**Records:**

<<<<

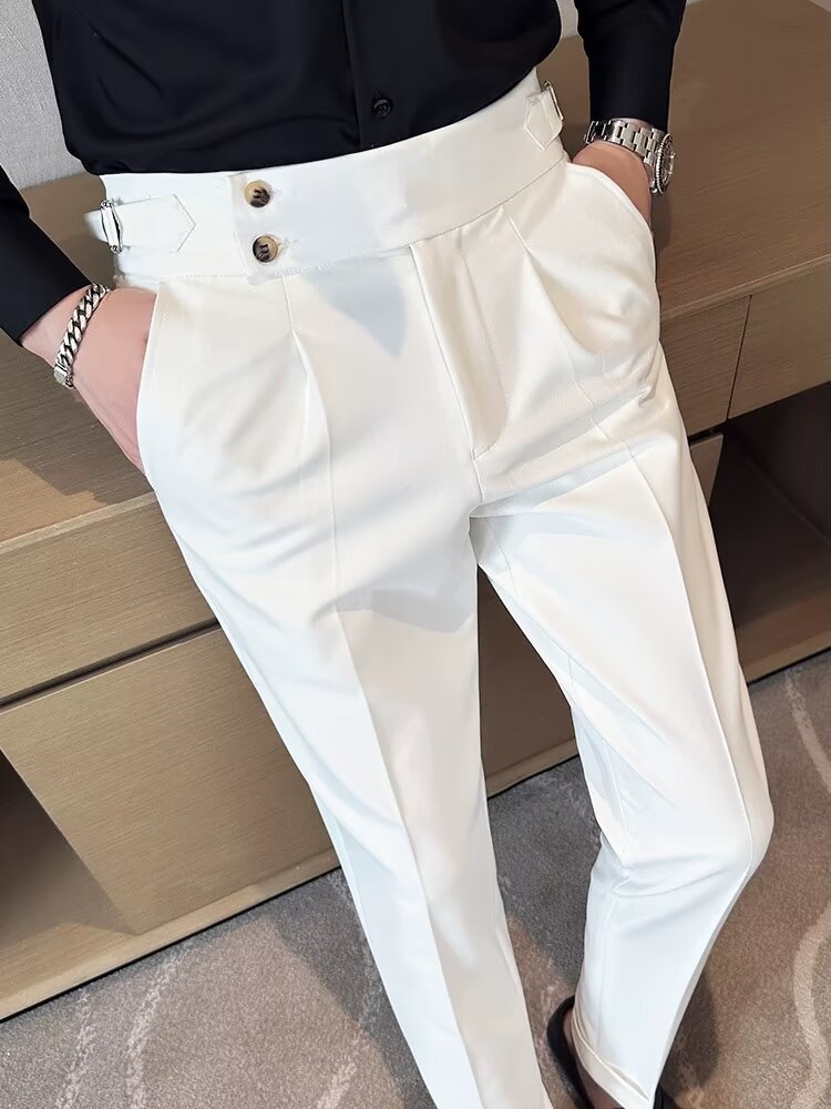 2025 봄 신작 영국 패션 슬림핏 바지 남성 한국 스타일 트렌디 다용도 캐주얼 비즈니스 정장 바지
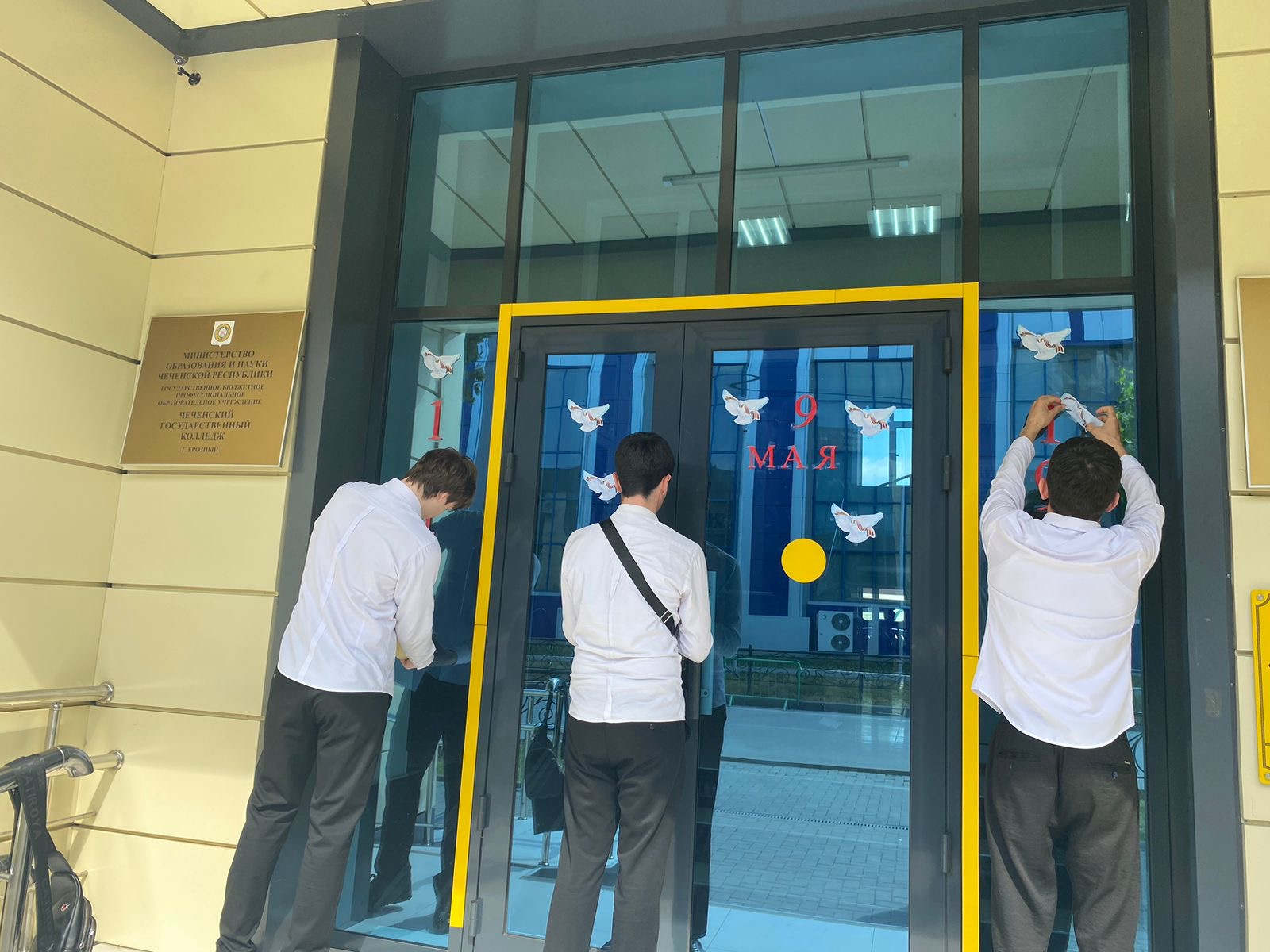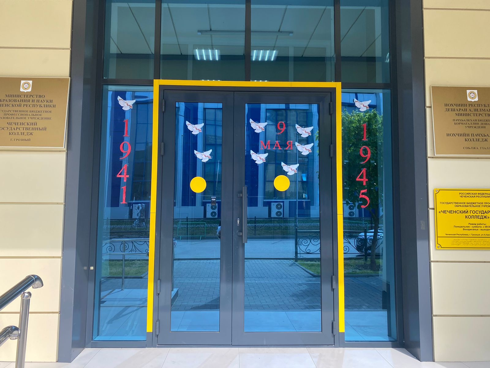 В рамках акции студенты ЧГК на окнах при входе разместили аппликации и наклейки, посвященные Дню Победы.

>>>>
<<<<

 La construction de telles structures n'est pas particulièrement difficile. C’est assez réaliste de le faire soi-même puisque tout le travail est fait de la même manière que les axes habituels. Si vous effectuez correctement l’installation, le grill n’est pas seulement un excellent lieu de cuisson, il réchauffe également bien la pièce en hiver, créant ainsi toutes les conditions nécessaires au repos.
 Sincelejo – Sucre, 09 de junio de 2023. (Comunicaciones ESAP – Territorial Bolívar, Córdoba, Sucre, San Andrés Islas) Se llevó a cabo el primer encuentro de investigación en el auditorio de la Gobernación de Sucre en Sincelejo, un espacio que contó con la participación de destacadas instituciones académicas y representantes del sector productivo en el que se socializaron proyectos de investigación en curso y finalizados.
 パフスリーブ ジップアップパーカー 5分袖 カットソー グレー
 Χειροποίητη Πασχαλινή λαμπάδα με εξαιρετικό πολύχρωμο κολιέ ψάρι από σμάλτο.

>>>>
<<<<

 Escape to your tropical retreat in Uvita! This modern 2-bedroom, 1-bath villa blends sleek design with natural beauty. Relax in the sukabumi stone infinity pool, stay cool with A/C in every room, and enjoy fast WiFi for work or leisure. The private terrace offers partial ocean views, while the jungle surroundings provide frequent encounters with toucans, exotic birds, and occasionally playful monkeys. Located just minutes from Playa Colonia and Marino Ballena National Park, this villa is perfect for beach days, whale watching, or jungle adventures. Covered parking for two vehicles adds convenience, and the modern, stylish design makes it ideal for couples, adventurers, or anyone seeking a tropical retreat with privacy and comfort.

>>>>

**What this task involves:** Retype, in the same exact form, the lines of the material above from the line holding "パフスリーブ ジップアップパーカー 5分袖 カットソー グレー" through the line holding "Χειροποίητη Πασχαλινή λαμπάδα".

**Solution for this task:**
 パフスリーブ ジップアップパーカー 5分袖 カットソー グレー
 Χειροποίητη Πασχαλινή λαμπάδα με εξαιρετικό πολύχρωμο κολιέ ψάρι από σμάλτο.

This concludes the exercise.